Take the following matrix multiplication.
$$ \left(\begin{array}{cc} 1 & 3 \\ 3 & 1 \end{array}\right)\left(\begin{array}{c}1 \\ 1\end{array}\right) = \left(\begin{array}{c}4 \\ 4\end{array}\right) $$
What do you notice? The result of multiplying the $2\times 2$ matrix with the $2\times 1$ matrix is a scalar multiple of the $2\times 1$ matrix.
The scalar multiplier 4 is an eigenvalue of the $2\times 2$ matrix, and the original $2\times 1$ matrix $$\left(\begin{array}{c}1 \\ 1\end{array}\right)$$ is a corresponding eigenvector paired with that eigenvalue.
Every square matrix $\mathbf{A}$ with dimensions $n\times n$ has $n$ eigenvalues and $n$ eigenvectors each paired with an eigenvalue. In matrix algebra terms we say that $$ \mathbf{Av} = \lambda\mathbf{v} $$ where $\mathbf{v}$ is an eigenvector and $\lambda$ is an eigenvalue. It means that there is a vector (an $n\times 1$ matrix) such that left-muliplying the vector by the matrix $\mathbf{A}$ just has the same effect as multiplying the vector by some number.
In FP2 you will need to know how to find the eigenvalues and corresponding eigenvectors of a square matrix. The first step is to find the eigenvalues. Now, strictly speaking the eigenvalues of a matrix $\mathbf{A}$ are the solutions of the matrix's characteristic polynomial, but we'll get to that in a minute.

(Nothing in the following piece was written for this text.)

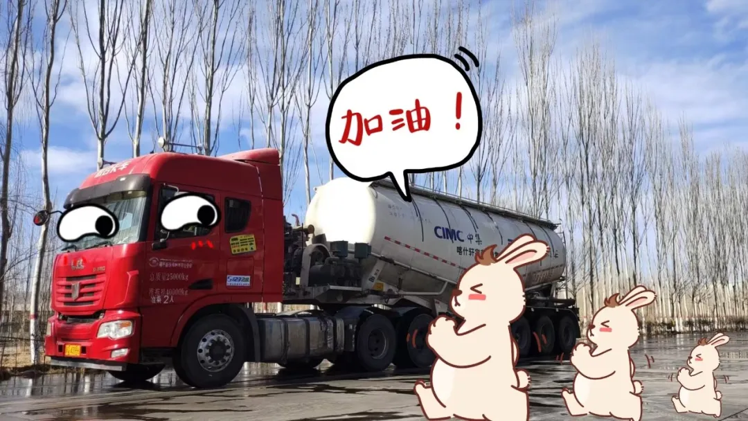 我是來自喀和銷售分公司的水泥運輸車,我的口號是:按時發車,一路前行,風里雨里只為你。

For the matrix algebra definition, I showed you above, subtract $\lambda\mathbf{v}$ from both sides $$ \mathbf{Av} - \lambda\mathbf{v} = \mathbf{0} $$ Where $\mathbf{0}$ is an $n\times n$ matrix full of zeroes. Now if this were standard algebra you might be tempted to factorise out $\mathbf{v}$ and solve for $\lambda$. While that is conceptually on the right track, we don't do that just yet. What we actually do is solve
$$ \left|\left(\mathbf{A} - \lambda\mathbf{I}\right)\mathbf{v} \right| = \mathbf{0} $$ where $\mathbf{I}$ is the $n\times n$ identity matrix with the same dimensions as $\mathbf{A}$. However, eigenvectors are never zero. Therefore $$ \left|\mathbf{A} - \lambda\mathbf{I} \right| = 0 $$If, for example, we say that $\mathbf{A}$ is a $3\times 3$ matrix of constants $a_i$ then this means $$ \left|\left(\begin{array}{ccc} a_1 & a_2 & a_3 \\ a_4 & a_5 & a_6 \\ a_7 & a_8 & a_9 \end{array}\right) - \lambda\left(\begin{array}{ccc} 1 & 0 & 0 \\ 0 & 1 & 0 \\ 0 & 0 & 1 \end{array}\right) \right| = 0 $$ Which is equivalent to $$ \left|\begin{array}{ccc} a_1-\lambda & a_2 & a_3 \\ a_4 & a_5-\lambda & a_6 \\ a_7 & a_8 & a_9-\lambda \end{array} \right| = 0 $$ So to find the eigenvalues of $\mathbf{A}$ you find the $\lambda$ that make the matrix formed by $\mathbf{A} - \lambda\mathbf{I}$ singular. The polynomial of $\lambda$ formed on the left-hand side by finding the determinant of that matrix is the characteristic polynomial of $\mathbf{A}$. That is, $$ p(\lambda) = |\mathbf{A} - \lambda\mathbf{I}| $$
The characteristic polynomial $p(\lambda)$ can get quite messy, but it's much easier for diagonal or triangular matrices. For diagonal, lower triangular, and upper triangular matrices, the eigenvalues are equal to the diagonal elements. This is obvious because the determinant of a matrix of these three types is just the product of the diagonal elements.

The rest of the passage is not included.